**Data shown:**
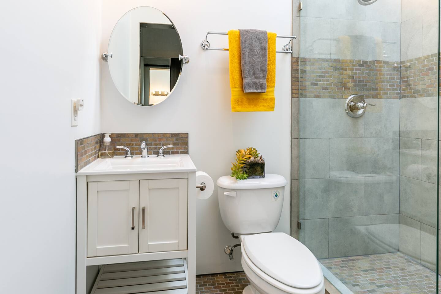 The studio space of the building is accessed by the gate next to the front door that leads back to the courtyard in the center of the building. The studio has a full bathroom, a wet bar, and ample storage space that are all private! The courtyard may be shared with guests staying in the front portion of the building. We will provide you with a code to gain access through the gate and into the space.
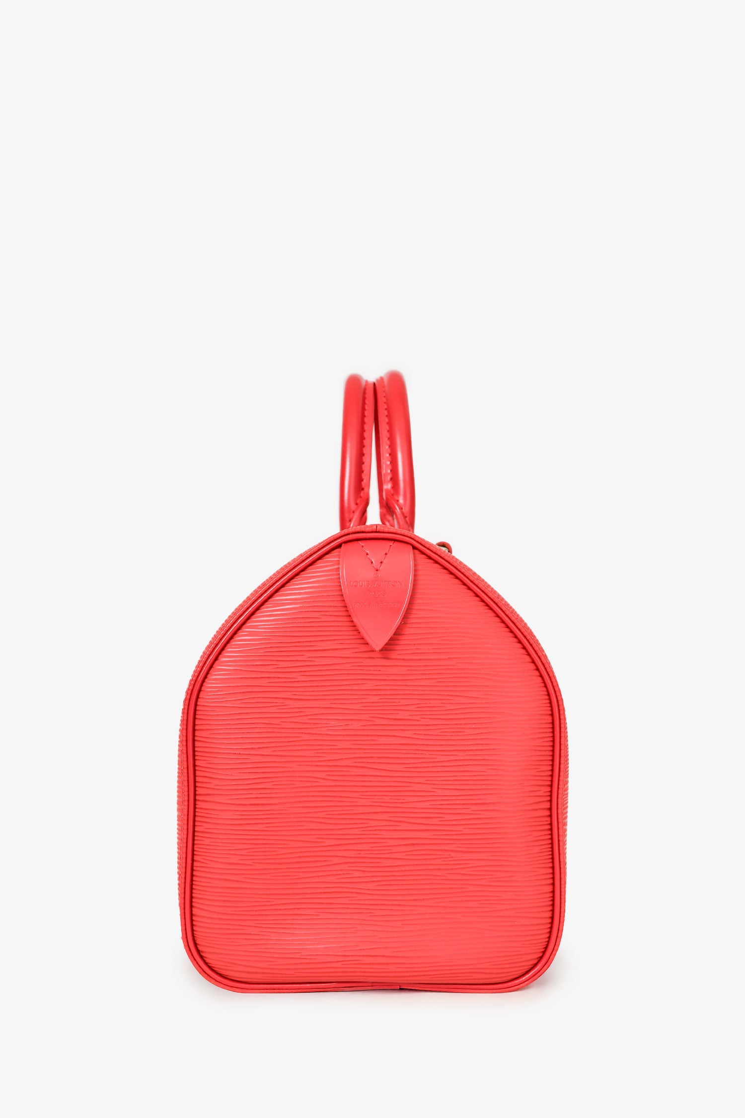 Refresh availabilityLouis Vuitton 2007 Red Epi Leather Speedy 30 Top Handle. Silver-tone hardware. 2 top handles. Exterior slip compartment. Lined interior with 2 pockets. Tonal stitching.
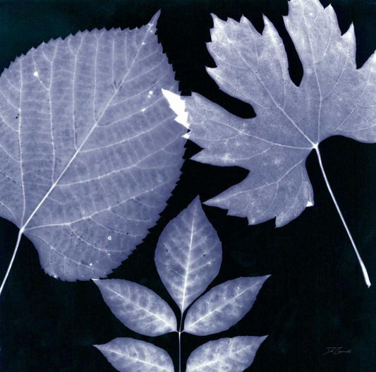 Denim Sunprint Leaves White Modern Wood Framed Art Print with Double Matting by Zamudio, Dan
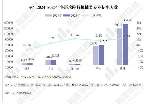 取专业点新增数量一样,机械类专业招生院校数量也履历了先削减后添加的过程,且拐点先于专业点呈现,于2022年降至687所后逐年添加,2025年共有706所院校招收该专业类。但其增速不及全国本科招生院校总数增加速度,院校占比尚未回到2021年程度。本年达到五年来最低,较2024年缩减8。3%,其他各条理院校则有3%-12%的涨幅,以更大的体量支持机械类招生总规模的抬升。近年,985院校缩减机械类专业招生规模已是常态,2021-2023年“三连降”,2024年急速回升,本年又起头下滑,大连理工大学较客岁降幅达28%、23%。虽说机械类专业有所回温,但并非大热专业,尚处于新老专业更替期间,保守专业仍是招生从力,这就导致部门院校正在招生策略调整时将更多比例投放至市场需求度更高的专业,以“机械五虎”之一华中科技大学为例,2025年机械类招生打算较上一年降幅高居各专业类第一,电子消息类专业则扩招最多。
---
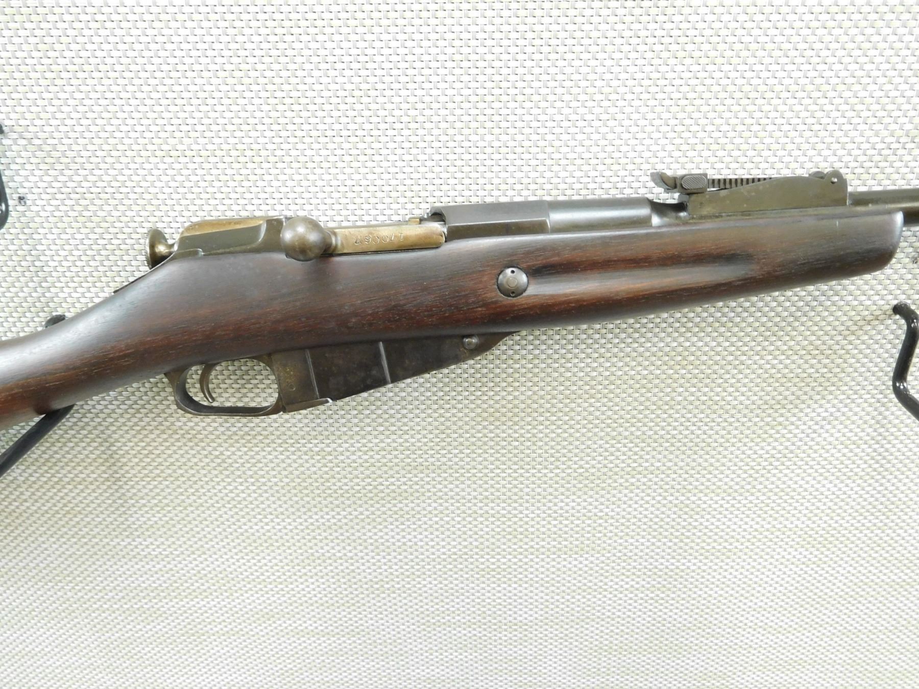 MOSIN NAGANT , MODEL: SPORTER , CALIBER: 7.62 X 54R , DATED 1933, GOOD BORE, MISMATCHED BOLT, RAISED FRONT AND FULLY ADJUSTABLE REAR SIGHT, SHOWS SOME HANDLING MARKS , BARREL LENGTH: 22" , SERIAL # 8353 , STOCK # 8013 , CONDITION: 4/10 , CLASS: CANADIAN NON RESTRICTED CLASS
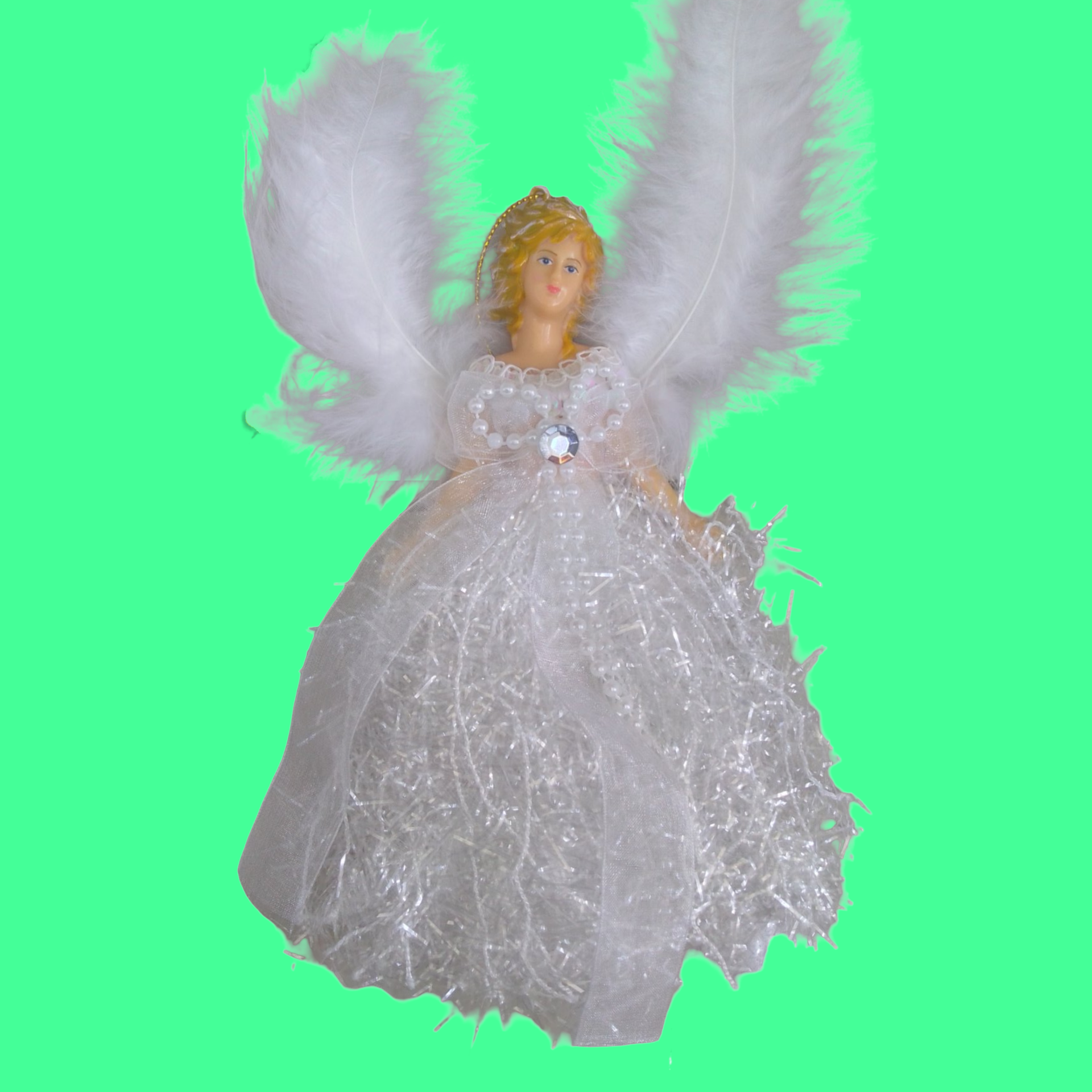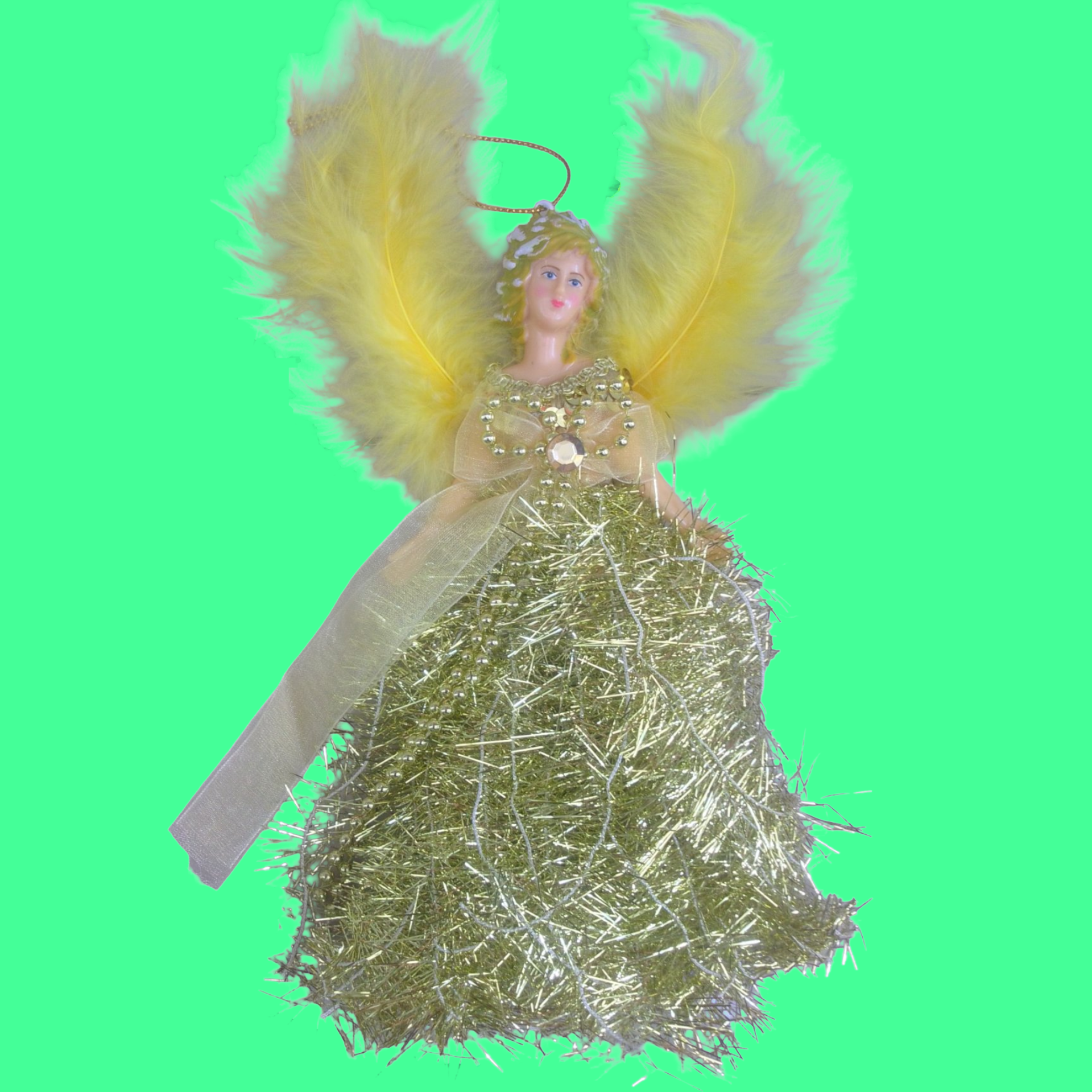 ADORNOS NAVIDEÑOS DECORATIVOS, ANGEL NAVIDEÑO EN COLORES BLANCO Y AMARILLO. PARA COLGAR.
* * *
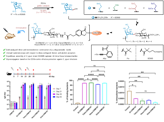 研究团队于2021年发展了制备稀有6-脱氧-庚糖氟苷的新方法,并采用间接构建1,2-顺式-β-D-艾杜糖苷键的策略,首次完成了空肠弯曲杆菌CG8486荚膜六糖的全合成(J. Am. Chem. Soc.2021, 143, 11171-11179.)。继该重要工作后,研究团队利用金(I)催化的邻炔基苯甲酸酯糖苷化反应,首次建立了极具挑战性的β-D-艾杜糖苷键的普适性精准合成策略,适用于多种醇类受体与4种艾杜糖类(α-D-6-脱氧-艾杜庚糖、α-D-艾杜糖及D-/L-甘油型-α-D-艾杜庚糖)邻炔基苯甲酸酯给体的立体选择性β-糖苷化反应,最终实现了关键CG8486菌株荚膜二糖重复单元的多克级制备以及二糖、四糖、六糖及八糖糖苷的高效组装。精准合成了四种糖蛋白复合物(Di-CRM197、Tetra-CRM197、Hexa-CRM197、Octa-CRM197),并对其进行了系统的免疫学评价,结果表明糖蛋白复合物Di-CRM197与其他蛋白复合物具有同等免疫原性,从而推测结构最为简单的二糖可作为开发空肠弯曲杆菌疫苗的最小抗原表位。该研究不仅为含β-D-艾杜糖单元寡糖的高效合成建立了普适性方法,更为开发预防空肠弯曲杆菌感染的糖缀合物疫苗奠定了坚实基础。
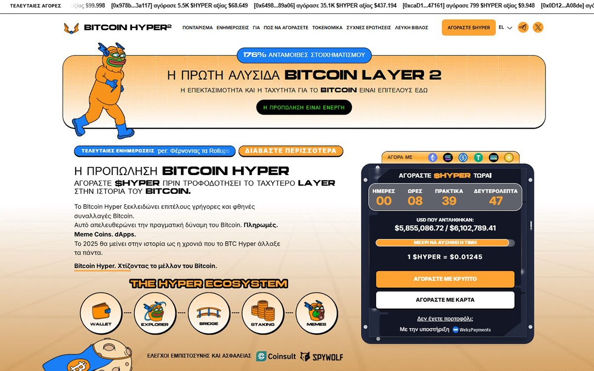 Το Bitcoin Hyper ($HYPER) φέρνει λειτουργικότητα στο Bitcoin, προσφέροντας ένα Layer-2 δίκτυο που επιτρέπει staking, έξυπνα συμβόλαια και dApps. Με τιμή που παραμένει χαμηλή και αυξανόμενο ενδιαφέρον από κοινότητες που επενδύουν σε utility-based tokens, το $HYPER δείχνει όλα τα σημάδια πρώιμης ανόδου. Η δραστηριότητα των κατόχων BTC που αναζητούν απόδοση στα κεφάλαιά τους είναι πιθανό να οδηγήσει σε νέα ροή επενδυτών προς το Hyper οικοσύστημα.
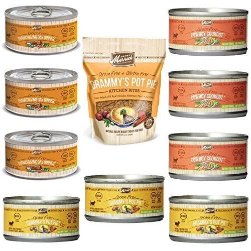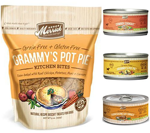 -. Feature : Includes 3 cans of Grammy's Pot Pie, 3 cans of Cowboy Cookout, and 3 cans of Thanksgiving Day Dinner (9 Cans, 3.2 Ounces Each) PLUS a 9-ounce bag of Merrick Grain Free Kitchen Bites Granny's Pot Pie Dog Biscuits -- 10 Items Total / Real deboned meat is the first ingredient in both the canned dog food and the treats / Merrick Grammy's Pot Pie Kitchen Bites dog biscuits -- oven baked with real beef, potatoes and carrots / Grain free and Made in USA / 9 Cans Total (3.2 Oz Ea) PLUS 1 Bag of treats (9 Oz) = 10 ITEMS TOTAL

**What to produce:** Everything from the line with "The studio space" down to the line with "取专业点新增数量一样,机械类" in the data above should be copied exactly, with both end lines kept and the pictures left out.

**Task result:**
 The studio space of the building is accessed by the gate next to the front door that leads back to the courtyard in the center of the building. The studio has a full bathroom, a wet bar, and ample storage space that are all private! The courtyard may be shared with guests staying in the front portion of the building. We will provide you with a code to gain access through the gate and into the space.
 Refresh availabilityLouis Vuitton 2007 Red Epi Leather Speedy 30 Top Handle. Silver-tone hardware. 2 top handles. Exterior slip compartment. Lined interior with 2 pockets. Tonal stitching.
 Denim Sunprint Leaves White Modern Wood Framed Art Print with Double Matting by Zamudio, Dan
 取专业点新增数量一样,机械类专业招生院校数量也履历了先削减后添加的过程,且拐点先于专业点呈现,于2022年降至687所后逐年添加,2025年共有706所院校招收该专业类。但其增速不及全国本科招生院校总数增加速度,院校占比尚未回到2021年程度。本年达到五年来最低,较2024年缩减8。3%,其他各条理院校则有3%-12%的涨幅,以更大的体量支持机械类招生总规模的抬升。近年,985院校缩减机械类专业招生规模已是常态,2021-2023年“三连降”,2024年急速回升,本年又起头下滑,大连理工大学较客岁降幅达28%、23%。虽说机械类专业有所回温,但并非大热专业,尚处于新老专业更替期间,保守专业仍是招生从力,这就导致部门院校正在招生策略调整时将更多比例投放至市场需求度更高的专业,以“机械五虎”之一华中科技大学为例,2025年机械类招生打算较上一年降幅高居各专业类第一,电子消息类专业则扩招最多。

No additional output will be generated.